Мы давно уже полюбили друг друга. Мы так полюбили, что не надо было ночью подтверждать это. Посреди дня мы внезапно обнимались, без поцелуев, и слезы лились из наших глаз. Если рука моя случайно касалась ее тела, то мы замирали, испытывая радость.
Она положила мой талисман, мою гордость в сумочку и посадила Наташу ко мне на колени. Ушла. Я порывался встать, догнать ее, но дочь прильнула ко мне и никуда не отпускала.
Аня вернулась через час.
– С середины моста, – сказала, – Устьинского. Ни один водолаз не найдет.

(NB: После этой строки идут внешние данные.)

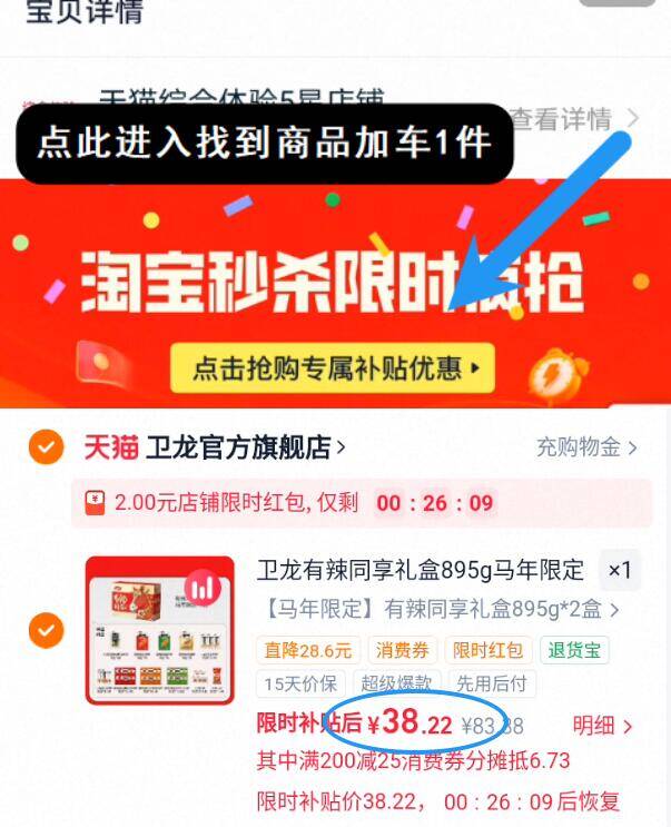 2、下拉详情进秒杀会场加车1件
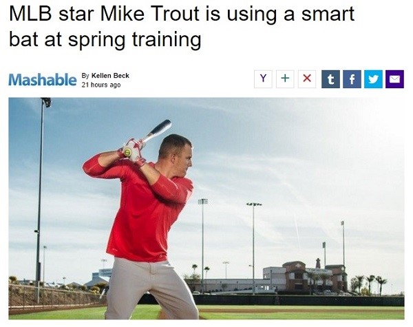 [그림] 스프링캠프에서 스마트배트를 통하여 스윙을 분석하는 마이크 트라우트 (이미지출처 : Mashable 기사 화면)
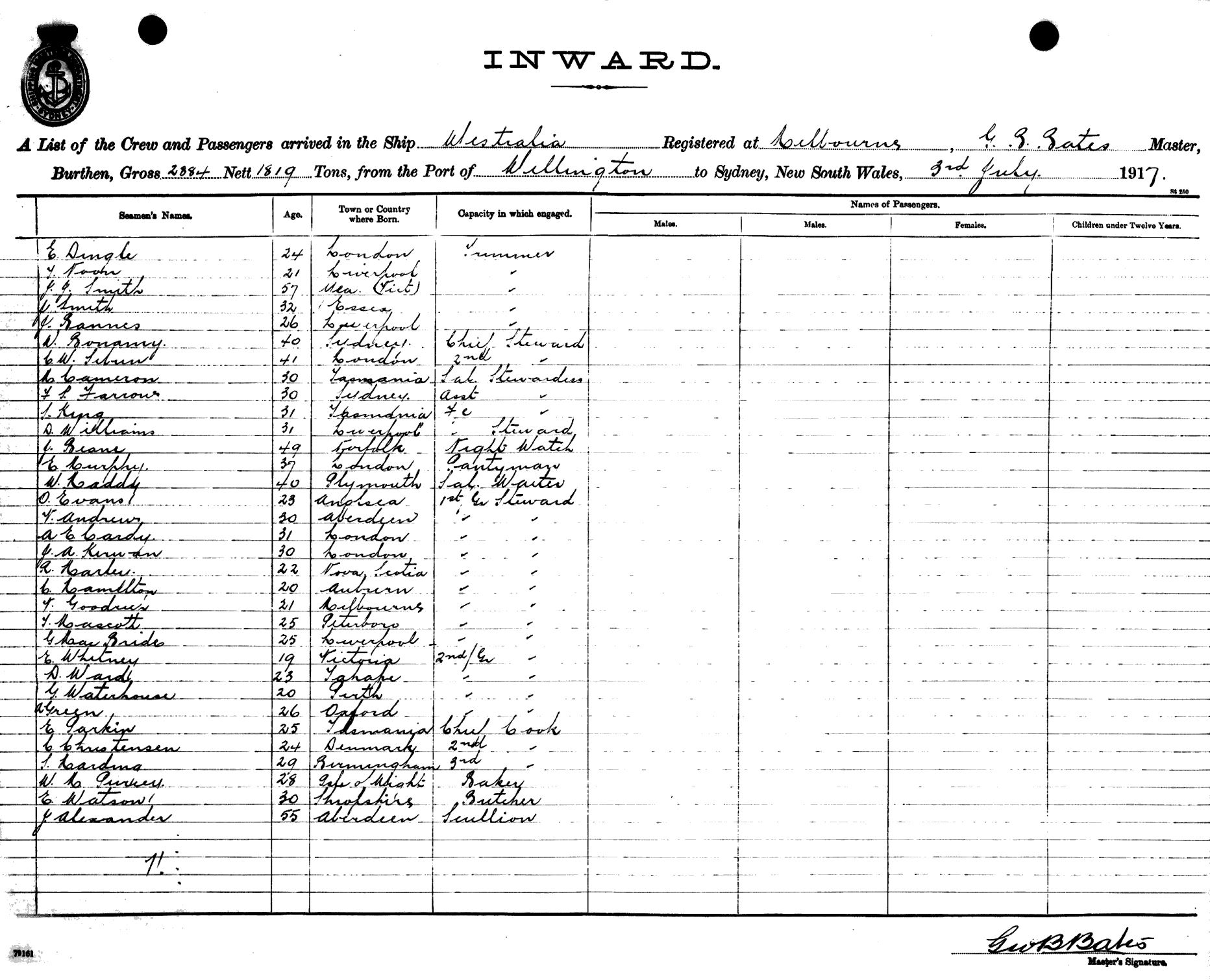 WESTRALIAOF MELBOURNE, G. B. BATES, MASTER, BURTHEN 2884/1819 TONS FROM THE PORT OF WELLINGTON TO SYDNEY, NEW SOUTH WALES, 3RD JULY 1917 |
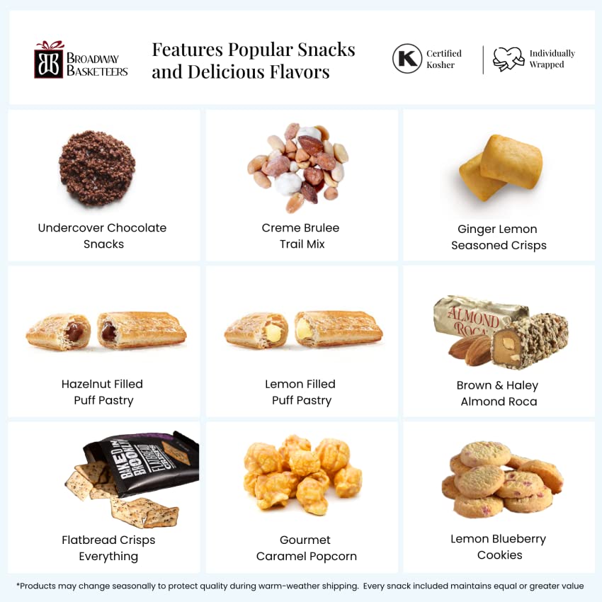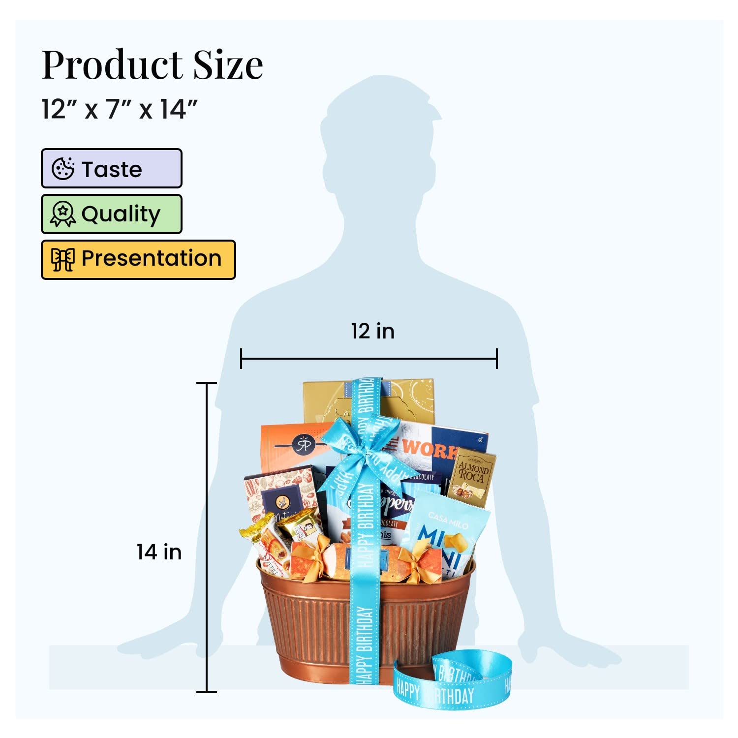 - Q: What types of snacks are included in the Broadway Basketeers Happy Birthday Gift Basket? A: The Broadway Basketeers Happy Birthday Gift Basket includes a delicious assortment of snacks such as chocolate-covered treats, almond roca butter crunch, peanut butter pretzel nuggets, puff pastry, gourmet caramel corn, cookies, and more, ensuring a perfect blend of sweet and savory delights.
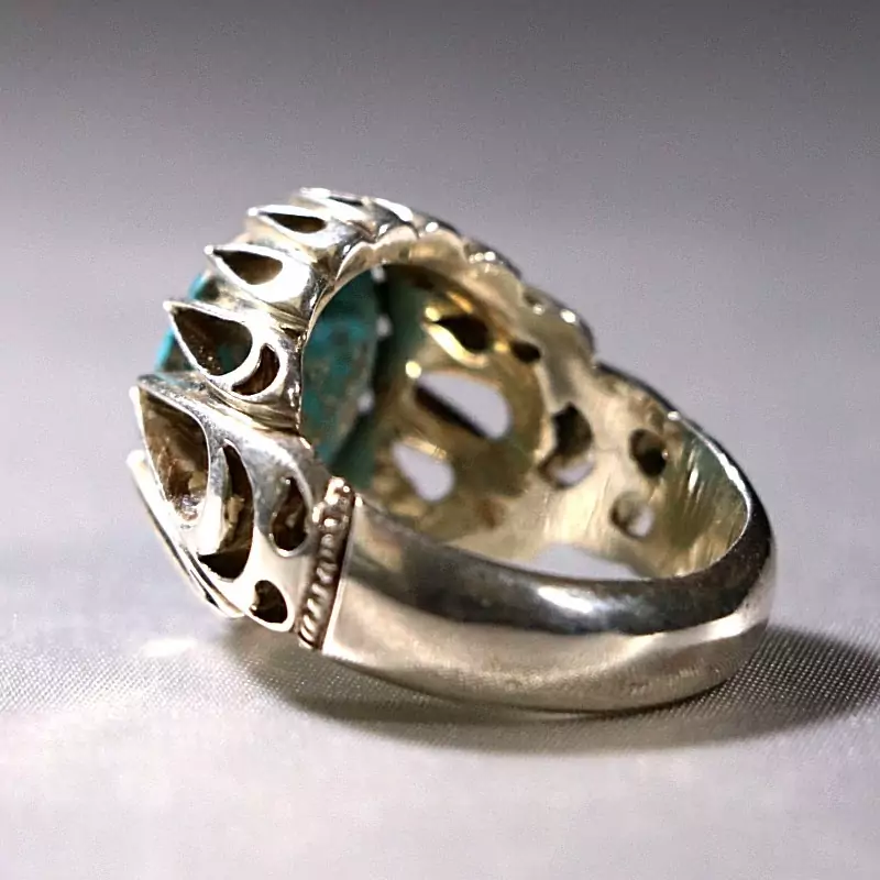 انگشتر فیروزه نیشابوری خوش رنگ با رکاب دست ساز مدل فیلی
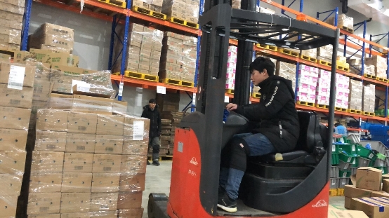 雙11凌晨12點(diǎn),只要消費(fèi)者在天貓等電商平臺(tái)上一下單,通過九曳供應(yīng)鏈自主研發(fā)的“生鮮云平臺(tái)”與電商平臺(tái)的無縫對(duì)接,上海云倉的揀貨人員張麥振幾乎能同時(shí)收到客戶訂單。剛過0點(diǎn),張麥振收到了雙11第一單,生產(chǎn)揀貨單之后他立馬打出揀貨單,進(jìn)入-18℃的冷凍倉,通過語音揀貨系統(tǒng),快速挑選出消費(fèi)者訂單里的生鮮產(chǎn)品,送到打包臺(tái)。
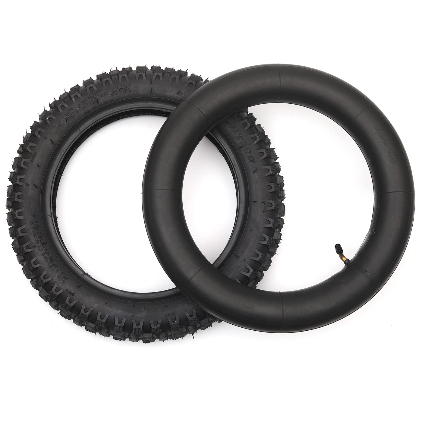 3.00-12 Dirt Bike Tire Key Features ?Fits 12-inch rims ?Made of premium-quality all-weather rubber and tread rubber compounds. ?Wear-resistant rubber with even tread wear ?Medium height knobby tread blocks for excellent all-terrain traction and handling even on wet and muddy terrain ?Evenly spaced open tread pattern is easy to clean and does not retain debris ?Minimal tread squirm and low rolling resistance ?Easy handling and suitable for both on-road and off-road use ?Suitable for both front and rear tire applications ?Compatible for use on motocross bikes, pit bikes, mini dirt bikes, and more ?4 PR sidewalls, 2 plies ?42 Load Rating with a max load capacity of 330 lbs ?J Speed Rating with a max speed of 62 mph 3.00/3.50-12 Dirt Bike Inner Tube Key Features ?Fits tires that are between 3 inches to 3.50 inches wide ?Made of premium-quality thick butyl rubber blend ?4x thicker and evenly molded for uniform inflation and excellent air retention ?Superior shock and vibration dampening properties with better elastic damping than natural rubber inner tubes ?HEAVY DUTY and self-sealing ?Will retain structural integrity even after repair and reinflation ?Weatherproof and can be stored for months without deteriorating ?Vulcanized TR87 angled valve stem easy access and inflation ?Round valve stem shape for rims with round valve stem bases

Я прижал Наташку к себе. Казалось: река вспучилась, и бушующие волны захлестнут Садовую, доберутся до Гайдара.
Но обошлось. С кухни несло жареной картошкой, на коленях моих устроилась Наташа, которая вскоре станет «мананой», и жизнь Великого Диверсанта преобразится.
В этот вечер я понял, что такое любовь женщины. Почти пять лет вместе – и ни разу ни Аня, ни наезжавшие в Москву родители ее не говорили при мне о желательности образования, которое поднимет меня от рабочего в магазине до хотя бы бухгалтера.